Estamos eternamente gratos por tudo que estamos vivendo e vendo por esses quase 90 dias de estrada. Somos pessoas privilegiadas por ter a coragem de agir para transformar um sonho em realidade.

E a volta pela trilha foi um pouco mais rápida, mesmo com o chão ainda úmido e com parte de barro e algumas poças d´água. Todo cuidado era pouco.

Conseguimos, finalizamos a trilha com sucesso. Mas estavamos cansados e ainda tínhamos que pegar a estrada até Chaiten.

Por isso decidimos não fazer as outras trilhas, já estávamos felizes demais por ter visto o ventisquero colgante.

Carretera Austral, do Parque Nacional Queulat até Chaitén

Preparamos uns sanduíches para comer no caminho e pegamos a Carretera Austral novamente.

Que linda que é essa estrada! A cada curva uma surpresa na paisagem. O ruim é que nesse trecho não tem acostamento para pararmos para fotografar.

Lá pelas 17h30 já estava escuro. Aqui, nessa época do ano, quando o sol se põe, muito rapidamente já fica uma escuridão que parece meia noite.
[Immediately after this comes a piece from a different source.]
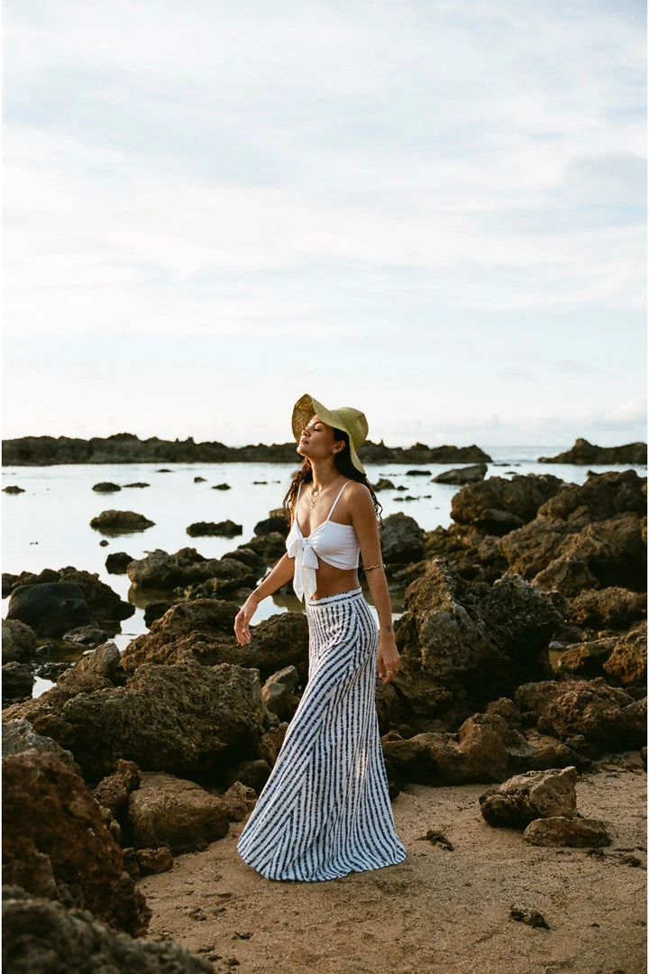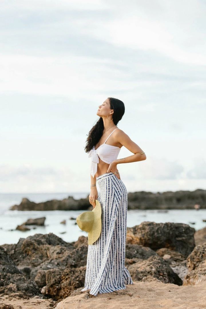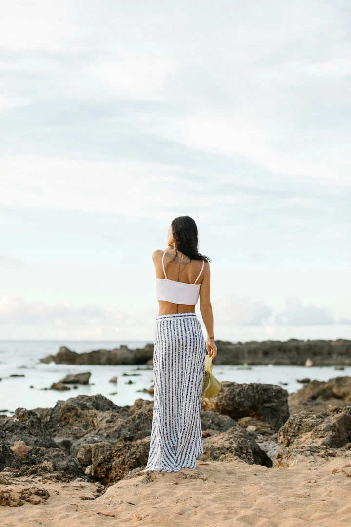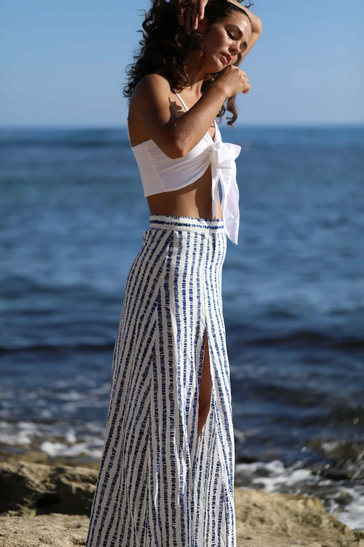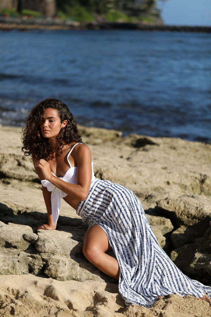Even if you aren’t at a resort you’ll feel like you are when you slip into this piece. Features a hidden side zip and high slit to show off your stems.

Não fica aquela claridade que persiste mais um tempo.

Escuridão e quase nenhum carro passando. Começamos a ficar preocupados, mas não tinha onde parar para dormir.

Tínhamos que ir até Chaitén de qualquer jeito, faltava mais 1h30 de estrada.

Alguns trechos estavam ruins, uma hora alfalto bom, depois pequeno trecho de rípio, voltava o asfalto, mais um pouco de rípio e depois só asfalto de Amarillo até Chaitén.

Chegamos na cidade era quase 19h e tudo parecia fechado. No posto não tinha estacionamento para dormir, então fomos até a praça.

Aqui tem internet gratuita do governo e parece uma área boa para domir. Ficamos pertinho da polícia, para dormir tranquilos.

Estacionamos e montamos a casinha. Estava fazendo -1ºC, por isso tivemos que colocar mais roupas e fechar bem o saco de dormir, até a cabeça.

Continue acompanhando, pois amanhã vamos conhecer um vulcão ativo. Vem com a gente nessa aventuta.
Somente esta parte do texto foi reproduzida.